After the spinning step in solvent spinning, the fibre is passed through a series of water baths to remove the residual amine oxide still in the cellulose and through bleach and wash baths to produce a cellulosic fibre from which the amine oxide has been removed virtually completely. After the wash baths, the fibre is dried in a conventional drying oven to produce a tow for subsequent processing.
The direct production of cellulosic elongate members, such as fibres, using solvent spinning rather than viscose production has some commercial advantages over the viscose route in that there is much less chemical usage and the equipment required is simpler. However, it has been found that cellulose fibre produced by such a direct solvent-spinning route does have properties different from regenerated cellulose fibre produced by the viscose production process.
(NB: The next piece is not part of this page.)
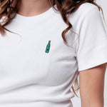 Super hochwertiges Bio Baumwoll Cropped T-Shirt mir der offiziell gestickten Pfeffi Flasche in drei verschiedenen Schnitt-Varianten: Ripped, Regular & Oversized

In particular, it has been found that solvent-spun cellulosic fibre suffers from fibrillation when wet-abraded.
Fibrillation comprises the partial breaking up of the fibre in a longitudinal direction with the formation of small hairs on the fibre. These hairs tend to twist and give the fibre, when looked at under the microscope, a hairy appearance. These hairs, or fibrils, on the fibre give rise to two significant problems; the first problem is the appearance of the fabric and the second problem is the tendency of the fabric to form pills on its surface.
The fibres can be dyed loose, or fabrics woven from undyed material can be dyed in one of two ways. The fabric can either be open-width dyed, which means that the material is dyed on a continuous basis, or the fabric can be rope dyed, which means that the fabric is dyed in a batchwise exhaust-dyeing process.
Each process has its own advantages and disadvantages. Many fabrics are dyed by rope dyeing, which means that small quantities of the fabric can be dyed, and there is less wastage and down-time in the process. Essentially, the fabric is contracted into a rope and then passed into a vat for dyeing purposes. It has been found that, if a fabric is woven or knitted from a solvent-spun cellulosic fibre produced from the direct dissolution of the cellulose in the solvent, then fibrillation occurs during the rope-dyeing process. After dyeing, the fabric has a white-looking surface, a fibrillated or frosted finish which is unacceptable in many cases, particularly if the fabric is dyed to a dark colour, such as dark navy or black, when the fibrils show up as a light white frosting on a dark background. Further washing of the fabric after use can then make the fibrillation effect worse until the garment made from the fabric is visually unacceptable, although physically quite useable.
Although it is possible to open-width dye woven fabrics, it is often not practical to open-width dye knitted fabrics because of the need for relaxation during the dyeing process. Dyeing in the open-width process tends to give a tenser, harsher fabric than rope dyeing.
As is mentioned above, material which has fibrillated during the dyeing process tends to fibrillate further during washing processes, and after repeated washing the fibrils ball up and pill. Because cellulosic fibres formed from solvent systems are inherently strong, the pills are held onto the fibres and do not fall off the fabric. Again this can reduce the attractiveness of fabrics and garments made from fibrillated fibres.
There is therefore a need to produce a way of reducing the tendency to fibrillation in solvent-spun cellulose fabrics produced from a cellulose dope made by the direct dissolution of cellulose in a solvent.